Other than examples for export, 0-6-4T locomotives enjoyed a brief vogue in the United Kingdom prior to the First World War, but were not widely used. Nine locomotives of this type were supplied by Beyer, Peacock & Company for the opening of the Mersey Railway in 1886.

William Dean built three crane tanks in 1901, and Kitson & Company of Leeds supplied nine locomotives to the Lancashire, Derbyshire & East Coast Railway in 1904.
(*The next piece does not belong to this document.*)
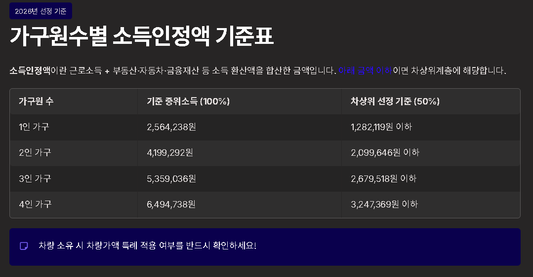 2026년 차상위계층 소득 기준 (중위소득 50%)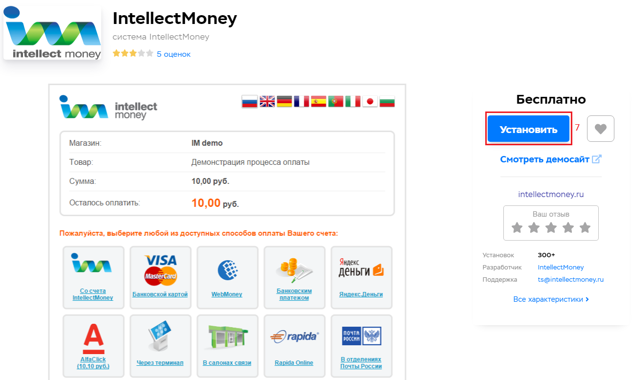 - Описание - пример: Оплата платежным агрегатором IntellectMoney. Более 20-ти способов, включая банковскую карту

Other examples included the Midland Railway 2000 Class of 1907, the Highland Railway Drummond 0-6-4T Class of 1909, the SECR J class of 1913 and the Metropolitan Railway G Class of 1915. The type was eventually superseded by the popular 2-6-4T locomotive.

United States
In the United States, the 0-6-4 locomotive was largely built only for use in railyards, essentially as an adaptation of an 0-6-0 switch engine with an extended firebox, or a 4-6-0 reconstructed with a larger firebox which necessitated the relocation of the leading wheels to the rear to support the firebox. Some Mason Bogie locomotives used this wheel arrangement.